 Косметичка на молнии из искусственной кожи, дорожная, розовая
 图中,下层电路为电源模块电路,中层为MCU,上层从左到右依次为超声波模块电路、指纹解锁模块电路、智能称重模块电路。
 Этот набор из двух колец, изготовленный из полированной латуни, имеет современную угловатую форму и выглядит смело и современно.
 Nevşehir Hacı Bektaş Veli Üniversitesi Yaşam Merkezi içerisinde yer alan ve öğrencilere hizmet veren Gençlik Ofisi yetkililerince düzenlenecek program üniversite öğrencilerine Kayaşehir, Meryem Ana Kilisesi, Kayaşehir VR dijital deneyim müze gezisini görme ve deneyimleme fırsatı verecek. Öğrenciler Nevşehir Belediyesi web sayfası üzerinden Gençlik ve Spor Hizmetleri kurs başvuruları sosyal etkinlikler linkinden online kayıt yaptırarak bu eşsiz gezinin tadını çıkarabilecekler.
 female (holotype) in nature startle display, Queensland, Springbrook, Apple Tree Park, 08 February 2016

* * *

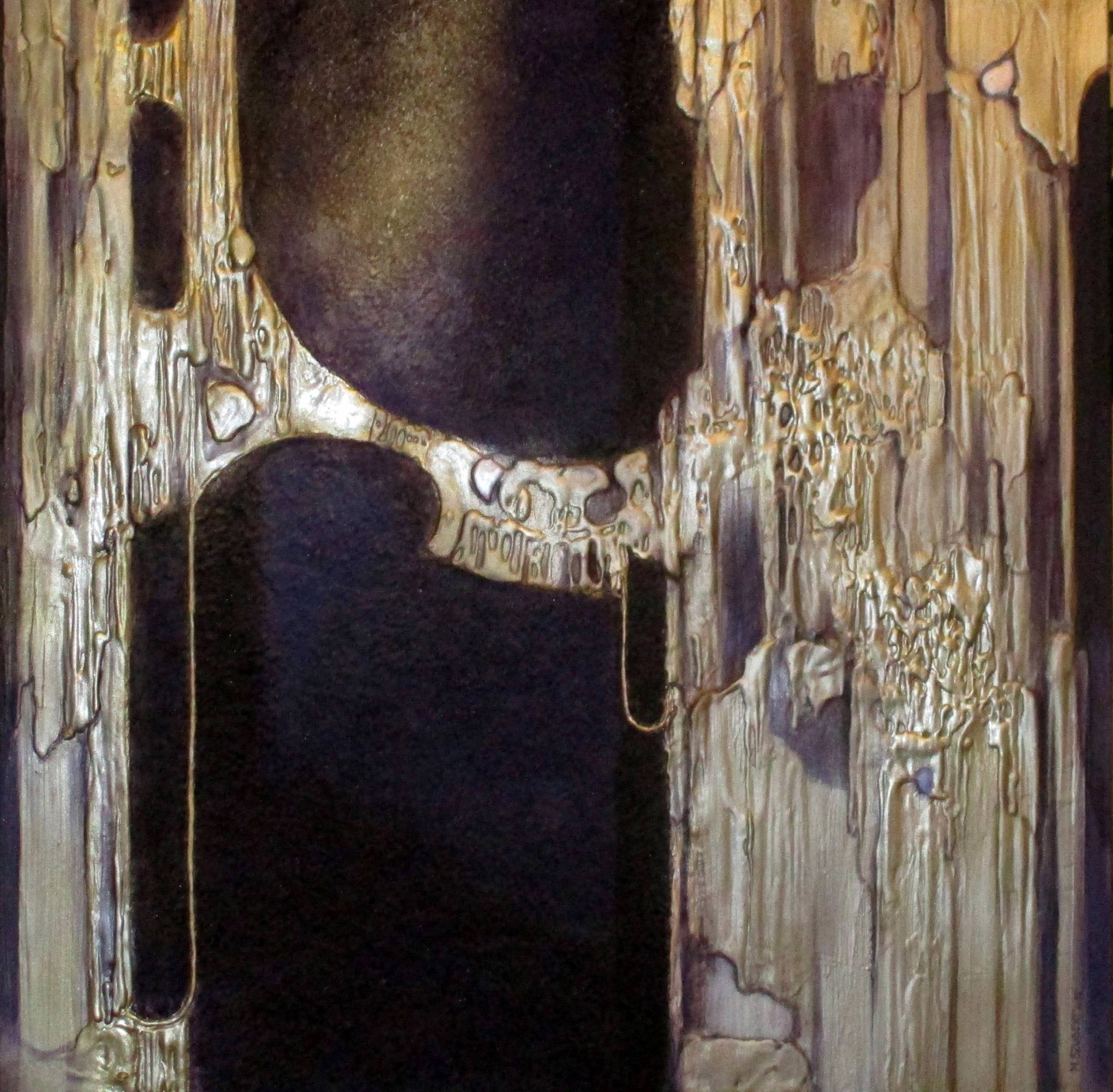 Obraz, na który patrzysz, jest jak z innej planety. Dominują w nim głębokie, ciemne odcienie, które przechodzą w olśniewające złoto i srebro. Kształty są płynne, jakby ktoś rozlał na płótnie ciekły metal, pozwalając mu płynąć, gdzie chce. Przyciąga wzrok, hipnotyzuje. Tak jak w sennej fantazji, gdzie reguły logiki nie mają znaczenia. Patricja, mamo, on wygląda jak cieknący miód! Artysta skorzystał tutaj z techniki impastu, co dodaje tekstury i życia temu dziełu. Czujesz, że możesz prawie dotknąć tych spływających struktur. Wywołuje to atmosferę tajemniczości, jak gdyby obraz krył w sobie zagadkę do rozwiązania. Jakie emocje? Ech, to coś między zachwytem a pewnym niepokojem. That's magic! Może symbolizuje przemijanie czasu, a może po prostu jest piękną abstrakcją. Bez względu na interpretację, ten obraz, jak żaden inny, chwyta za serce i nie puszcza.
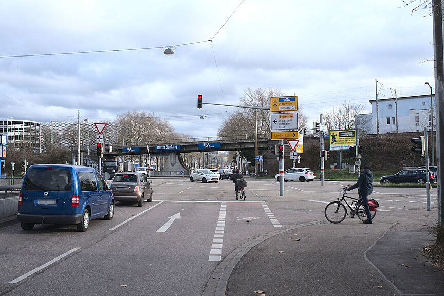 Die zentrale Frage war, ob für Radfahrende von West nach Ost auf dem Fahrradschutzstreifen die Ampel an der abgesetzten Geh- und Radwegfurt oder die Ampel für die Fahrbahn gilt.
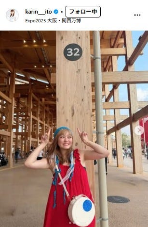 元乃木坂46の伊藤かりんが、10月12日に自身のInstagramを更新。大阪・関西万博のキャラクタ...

Task brief |
Quote word for word only the lines above from the one containing "Die zentrale Frage" through the one containing "元乃木坂46の伊藤かりんが、". Pictures stay out of your copy.

Completed task |
 Die zentrale Frage war, ob für Radfahrende von West nach Ost auf dem Fahrradschutzstreifen die Ampel an der abgesetzten Geh- und Radwegfurt oder die Ampel für die Fahrbahn gilt.
 元乃木坂46の伊藤かりんが、10月12日に自身のInstagramを更新。大阪・関西万博のキャラクタ...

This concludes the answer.